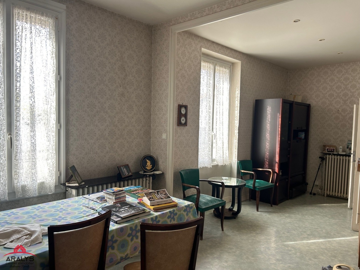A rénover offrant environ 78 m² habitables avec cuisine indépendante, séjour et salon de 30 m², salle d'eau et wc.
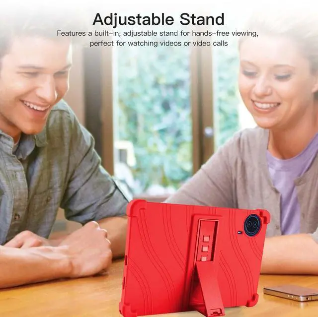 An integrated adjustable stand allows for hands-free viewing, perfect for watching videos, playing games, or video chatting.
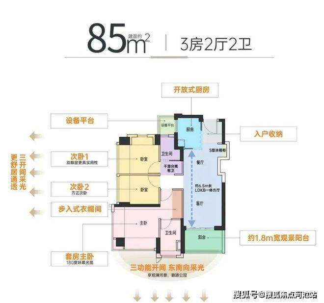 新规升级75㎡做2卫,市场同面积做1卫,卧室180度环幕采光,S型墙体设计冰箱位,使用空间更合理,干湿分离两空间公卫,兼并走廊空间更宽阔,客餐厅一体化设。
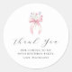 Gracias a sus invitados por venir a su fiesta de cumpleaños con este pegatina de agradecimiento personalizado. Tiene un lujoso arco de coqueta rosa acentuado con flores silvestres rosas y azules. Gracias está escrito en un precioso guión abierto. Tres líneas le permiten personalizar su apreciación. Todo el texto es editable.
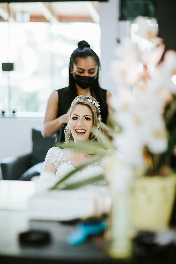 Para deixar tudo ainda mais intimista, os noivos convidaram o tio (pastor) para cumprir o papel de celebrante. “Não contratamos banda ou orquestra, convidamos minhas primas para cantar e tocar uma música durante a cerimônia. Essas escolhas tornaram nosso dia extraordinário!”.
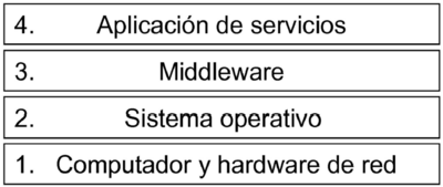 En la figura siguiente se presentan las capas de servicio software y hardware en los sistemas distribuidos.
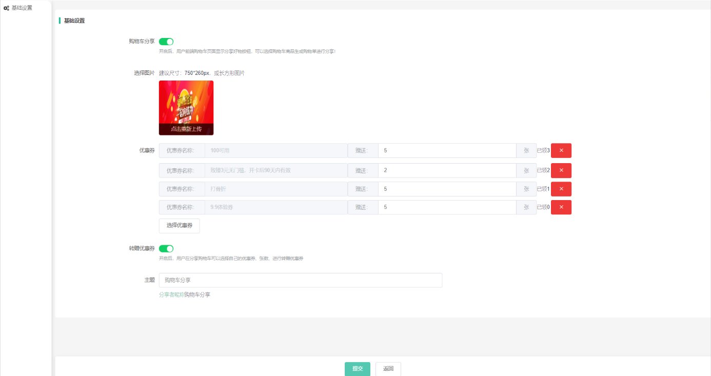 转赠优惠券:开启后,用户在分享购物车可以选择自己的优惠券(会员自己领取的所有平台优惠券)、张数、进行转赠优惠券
::::
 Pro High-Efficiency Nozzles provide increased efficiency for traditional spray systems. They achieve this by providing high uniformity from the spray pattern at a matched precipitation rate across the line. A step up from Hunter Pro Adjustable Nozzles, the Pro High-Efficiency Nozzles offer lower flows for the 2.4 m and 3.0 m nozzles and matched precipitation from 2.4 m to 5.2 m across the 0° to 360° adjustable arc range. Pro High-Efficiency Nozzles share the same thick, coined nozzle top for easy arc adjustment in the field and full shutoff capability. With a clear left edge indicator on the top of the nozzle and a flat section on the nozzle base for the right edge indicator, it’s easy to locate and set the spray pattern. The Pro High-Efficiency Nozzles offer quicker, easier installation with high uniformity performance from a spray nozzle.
::::
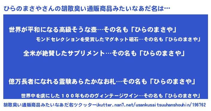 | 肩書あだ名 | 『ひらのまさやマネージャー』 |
::::
**Exercise brief:** Give again the stretch of lines above from the one with "An integrated adjustable" through the one with "转赠优惠券:开启后,用户在分", both ends kept, and copy no pictures.

**Answer for the task:**
 An integrated adjustable stand allows for hands-free viewing, perfect for watching videos, playing games, or video chatting.
 新规升级75㎡做2卫,市场同面积做1卫,卧室180度环幕采光,S型墙体设计冰箱位,使用空间更合理,干湿分离两空间公卫,兼并走廊空间更宽阔,客餐厅一体化设。
 Gracias a sus invitados por venir a su fiesta de cumpleaños con este pegatina de agradecimiento personalizado. Tiene un lujoso arco de coqueta rosa acentuado con flores silvestres rosas y azules. Gracias está escrito en un precioso guión abierto. Tres líneas le permiten personalizar su apreciación. Todo el texto es editable.
 Para deixar tudo ainda mais intimista, os noivos convidaram o tio (pastor) para cumprir o papel de celebrante. “Não contratamos banda ou orquestra, convidamos minhas primas para cantar e tocar uma música durante a cerimônia. Essas escolhas tornaram nosso dia extraordinário!”.
 En la figura siguiente se presentan las capas de servicio software y hardware en los sistemas distribuidos.
 转赠优惠券:开启后,用户在分享购物车可以选择自己的优惠券(会员自己领取的所有平台优惠券)、张数、进行转赠优惠券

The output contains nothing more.